Leftist sections in Latvia denounce demolition of Soviet era monument

The Monument to the Liberators at the Victory Park in Latvian capital Riga was demolished under the orders of the right-wing government on August 25

August 29, 2022 by Peoples Dispatch
Decommunization - Latvia
Monument to the Liberators at the Victory Park in Riga. (Photo: via Wikipedia)

Left-wing sections in Latvia have condemned the government’s drive to demolish Soviet era monuments in the country. Under the order of the right-wing government, the Monument to the Liberators of Riga at the Victory Park in the national capital was demolished on August 25, despite opposition from leftist and anti-fascist sections. The Latvian Socialist Party (LSP) and the Social Democratic Party – Harmony denounced the demolition and warned that such actions by the government will lead to polarization and destruction of the civil society.

Several right-wing governments in Eastern Europe and the post-Soviet Republics, including in Poland and Ukraine, have been carrying out decommunization drives with bans on communist symbols and demolition of Soviet era and Red Army memorials. The European Parliament itself passed a controversial resolution in 2019 equating communism to Nazism and calling for the erasure of its memory from the public sphere. 
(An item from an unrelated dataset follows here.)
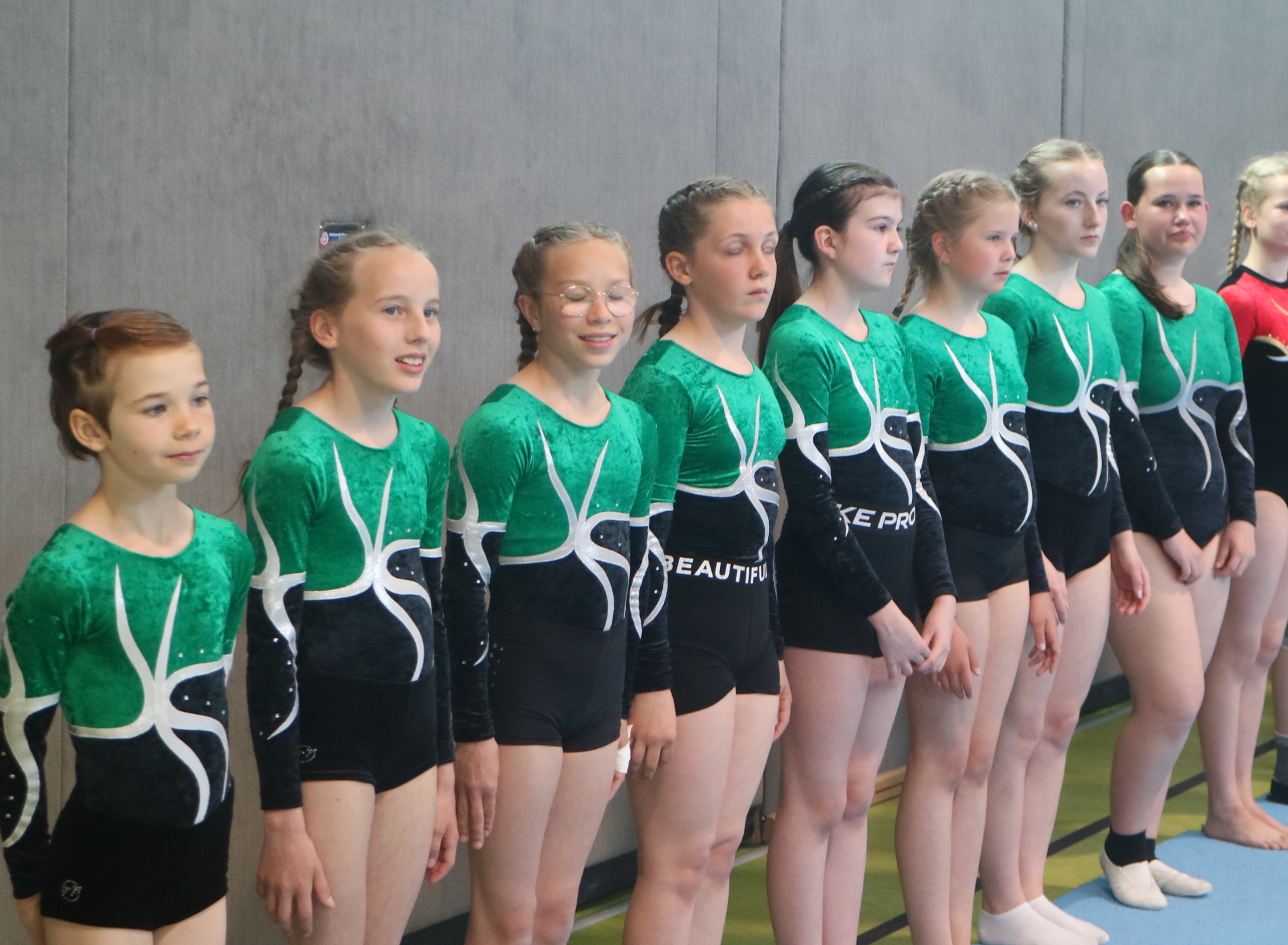 Am Nachmittag gingen die jungen Kürturnerinnen an den Start, für alle war es das erste Mal als Mannschaft in der Kür. Hoch motiviert, aber aufgeregt wie selten traten Teelke Oletti, Paula Schlage, Lotta Janßen, Johanna Janßen, Levke Janssen, Amy Stemmer und Jemma Hopp in den Wettstreit gegen Teams aus Oestringen, Emden, Werlte und Huntlosen. Auch hier war der Zitterbalken das ausschlaggebende Gerät, das am Ende nur für Rang 5 sorgte.

Even as progressive and left-wing sections in Europe denounced the resolution, right-wing governments took it as an opportunity to intensify their decommunization drives, while allowing a free run to neo-Nazi groups to consolidate and carry out brazen acts of violence. With the onset of the Russia-Ukraine war in February 2022, Russophobia reached its peak across Europe. Right-wing governments started imposing more sanctions on Russia, banned Soviet symbols, and called for the destruction of Soviet era monuments. Neo-Nazi-led vandalization of partisan memorials and Red Army monuments are also under way in many parts of Eastern Europe.
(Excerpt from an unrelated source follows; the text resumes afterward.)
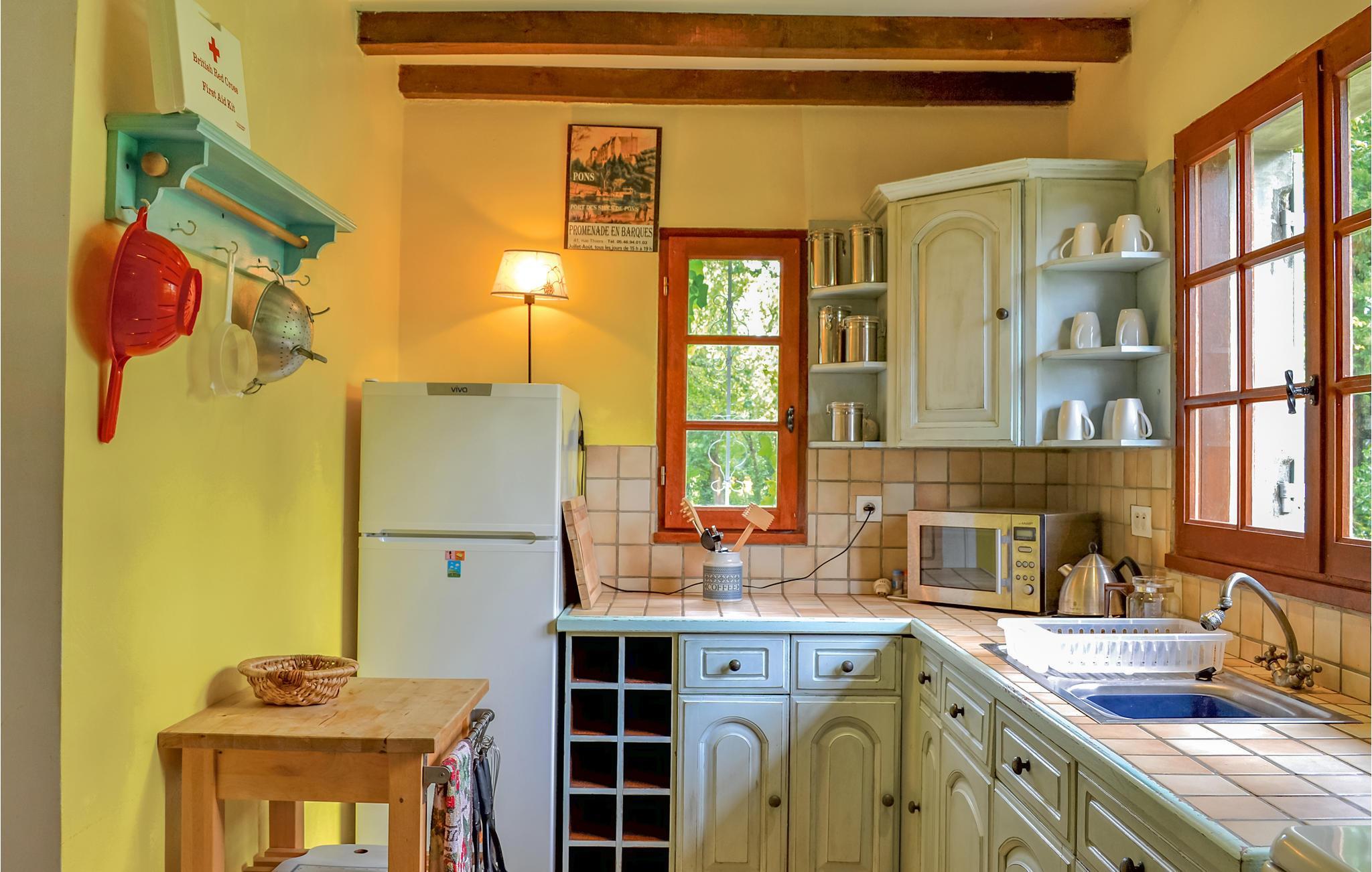 Dette vakkert dekorerte feriehuset er typisk for regionen i stil. Innvendig har huset en imponerende peis og synlige eikebjelker. Det ligger i en romslig, helt lukket hage og tilbyr beboerne gleden av en overbygd terrasse foran huset. Fra terrassen kan du se ut over den vakre hagen og bassenget, som er tilgjengelig fra mai til oktober. Noen av soverommene har eget bad. Du bor i en landsby, men de nærmeste populære og livlige destinasjonene ligger bare en kort kjøretur unna.

The right-wing dominated parliament in Latvia voted in favor of the demolition of Soviet monuments in May this year, in the backdrop of the ongoing Russia-Ukraine war. According to reports, the government has ordered the demolition of all Soviet monuments (69 buildings) throughout the country by the end of this year. Latvia is a post-Soviet Republic in the Baltic region with a sizable Russian minority, amounting to 25% of the population. Political observers have expressed concern that the Russophobic anti-Soviet campaign by the right-wing government is likely to polarize Latvian society.

Perspective Communiste reported that neo-Nazi groups in Latvia have long been calling for the destruction of communist monuments across the county. The Monument to the Liberators of Soviet Latvia and Riga was erected in 1985 to commemorate the liberation of Riga and Latvia from Nazi Germany by the Red Army in 1944 during World War II. 
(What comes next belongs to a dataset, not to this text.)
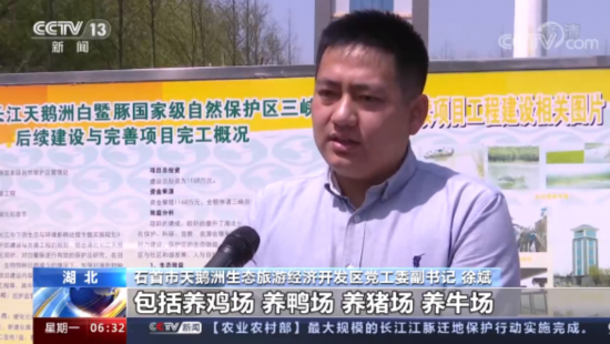 湖北石首市天鹅洲生态旅游经济开发区党工委副书记 徐斌:对沿长江故道的所有养殖场,包括养鸡场、养鸭场、养猪场、养牛场,这一系列的养殖户进行搬迁、整改和拆除,现在基本上旁边源头污水已经得到了100%的解决。

Jānis Urbanovičs, president of the Social Democrat Party – Harmony, denounced the actions of the government and stated that “the government has lost track of its priorities, which no longer addresses the people and deals only with the destruction of monuments.”

“You can demolish monuments, but you can’t erase memories. Generations of people will remember what is dear to them. And now they will have in them anger and bitterness, perhaps even hatred. It won’t help us build and defend our Latvia,” he said.

The Socialist Party of Latvia stated on August 25 that “the Latvian government has chosen the path of surrendering the country’s sovereignty in favor of blind submission to external interests, the politicians in power have literally stripped, weakened and depopulated our country for thirty years.”

The statement continued: “The time of common joys, achievements has been replaced by the will to cause trouble. The desire for cooperation and mutual aid has been supplanted by mutual indifference and fierce competition within society, between social groups and workers in different industries. For the masters, a cleverly divided society can be tightly controlled to avoid mass protests.”